Estimado(a) leitor(a) da Revista Ave Maria, começo nossa reflexão mensal de novembro propondo a meditação em relação aos dons do Espírito Santo e a aplicabilidade deles nas famílias.
Esses dons, citados no Catecismo da Igreja Católica (1831) foram retirados do texto de Isaías 11,1-3. O temor de Deus é o dom que é a base para o desenvolvimento dos outros dons infusos e, neste mês, falaremos sobre mais um dos sete dons: o da piedade.

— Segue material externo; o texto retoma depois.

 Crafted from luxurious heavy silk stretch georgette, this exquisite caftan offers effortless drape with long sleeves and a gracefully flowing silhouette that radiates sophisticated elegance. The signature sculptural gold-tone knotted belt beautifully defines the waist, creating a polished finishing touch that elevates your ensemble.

No mundo materialista, hedonista e distante de Deus em que hoje vivemos não são muitas as famílias que vivem uma intimidade com Ele e que pautam suas vidas segundo as santas leis do Senhor; também não são muitas as pessoas fervorosas no cumprimento das Escrituras, da vontade de Deus e na busca dos valores eternos. O dom da piedade nos leva a amar Deus profundamente e viver em comunhão com Ele, desejando sempre fazer a sua vontade, leva-nos a amar e reverenciar tudo que é de Deus: a oração individual, a oração litúrgica, a vida sacramental, a adoração ao Santíssimo Sacramento, a reza do santo Terço, o desejo de pregar a Palavra de Deus e sua meditação, a leitura de bons livros e o zelo pelas coisas sagradas.

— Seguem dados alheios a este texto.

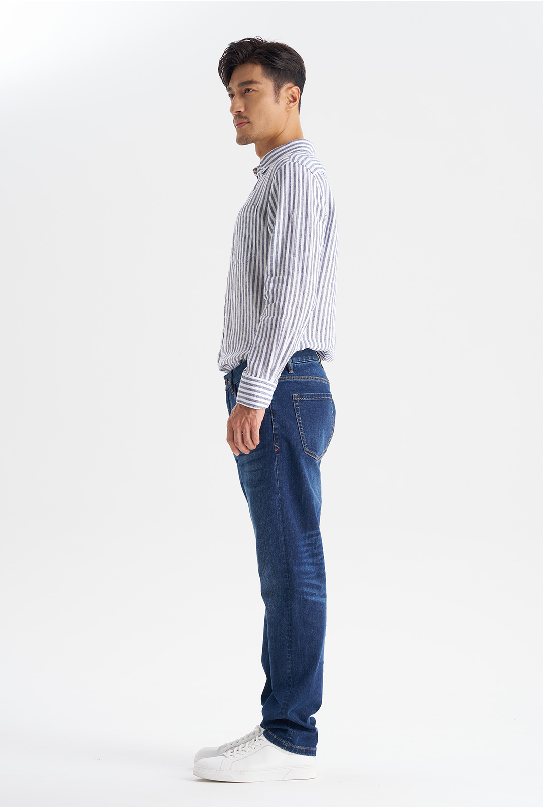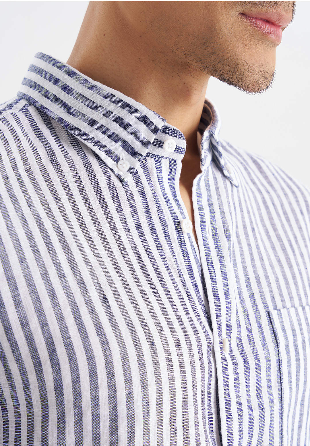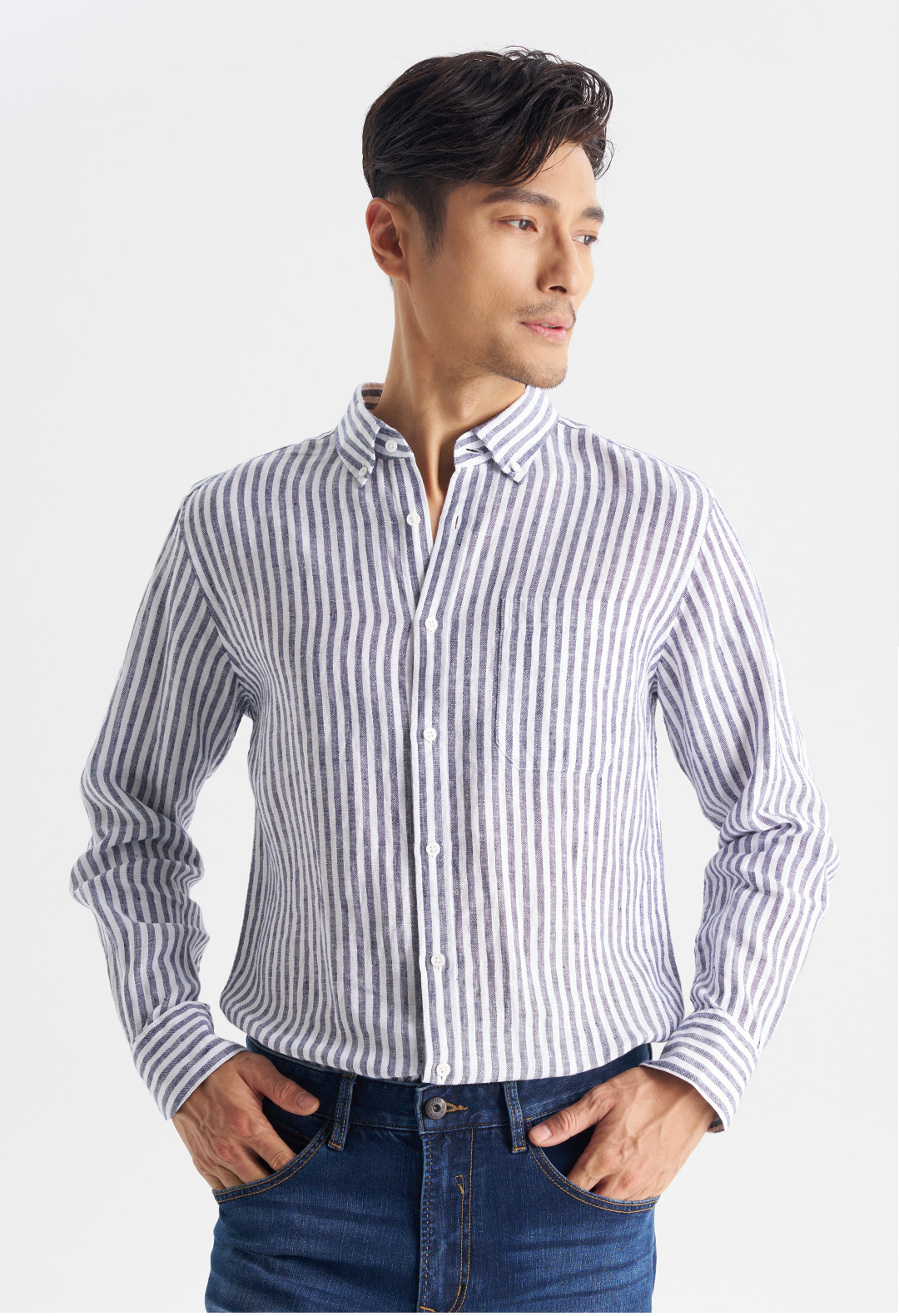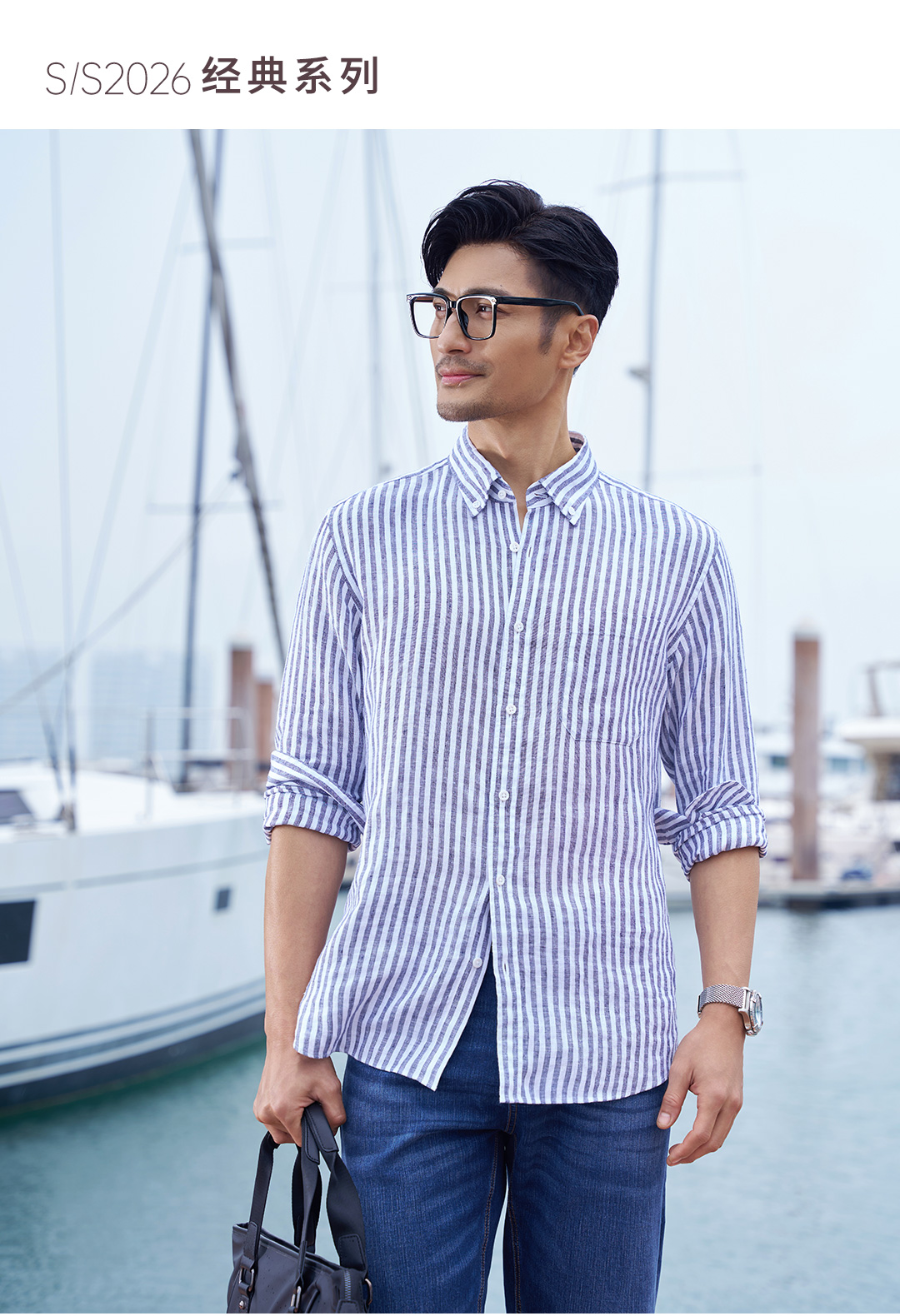 【经典8号】2026春时尚休闲亚麻100%麻宽条纹口袋长袖衬衫265B7F639L【门店同款】

A palavra “piedade”, no seu sentido original, diz respeito à atitude de uma criança para com seus pais: uma combinação de amor, confiança e reverência. Se essa é a nossa disposição habitual para com o nosso Pai, vivemos o dom da piedade. Esse dom do Espírito Santo é propriamente filial e recebe o nome de filho pois este tem piedade para com o pai, a piedade filial, ou seja, a devoção para com o Pai. Isso também estava presente no coração de Cristo, pois Ele, mesmo em sua profunda agonia no monte das Oliveiras, manteve-se fiel à vontade do Pai e se deu por nós para a remissão dos nossos pecados: “Todavia, não se faça o que eu quero, mas sim o que tu queres” (Mt 26,39).
A prática da devoção tem de atender à nossa saúde, às nossas ocupações e deveres particulares. A verdadeira devoção nada destrói; ao contrário, tudo aperfeiçoa. Essa devoção também se manifesta quando nós nos dispomos a passar pelo vale da sombra da morte, ou seja, pela aridez da nossa vida espiritual e não desistimos de Deus. Quando você, no meio da aridez e de tantas dificuldades da sua vida espiritual, diz “Ele está comigo, Ele é meu Pai, Ele não me abandona” isso representa esse magnífico dom.
Essa qualidade também está presente em Jesus, o Cristo, que se dispõe piedosamente, ou seja, filialmente, a estar com o Pai. Aqui vemos a íntima relação entre os dons do temor de Deus e da piedade: é sempre um coração de filho, o temor filial que sabe adorar e também um coração filial que sabe confiar, mesmo no meio da tempestade e da provação.
O dom da piedade nos leva a manter uma atitude de confiante intimidade e familiaridade com Deus; leva-nos a conversar com Ele como um filho conversa com seu pai ou com sua mãe, com naturalidade, espontaneidade, confiança e amor. Além disso, esse dom do Espírito Santo nos orienta divinamente em todas as relações que temos, não somente com Deus, mas, também, com o próximo, tornando-as mais profundas e perfeitas. São Paulo se refere a esse dom quando escreve “Porquanto não recebestes um espírito de escravidão para viverdes ainda no temor, mas recebestes o espírito de adoção pelo qual clamamos: ‘Aba, Pai’” (Rm 8,15). O Espírito Santo, mediante o dom da piedade, faz-nos, como filhos adotivos, reconhecer Deus como Pai. A piedade não estimula os cristãos apenas a cumprir seus deveres para com Deus de maneira filial, leva-os também a experimentar interesse fraterno para com todos os seus semelhantes.
O dom da piedade torna o cristão consciente de sua participação na família dos filhos de Deus e move-o a ultrapassar as categorias do direito e do dever, a fim de testemunhar uma generosidade que não mede esforços, desde que sirva aos irmãos. É o que manifesta São Paulo ao escrever “De muito boa vontade darei o que é meu, e me darei a mim mesmo pelas vossas almas” (2Cor 12,15).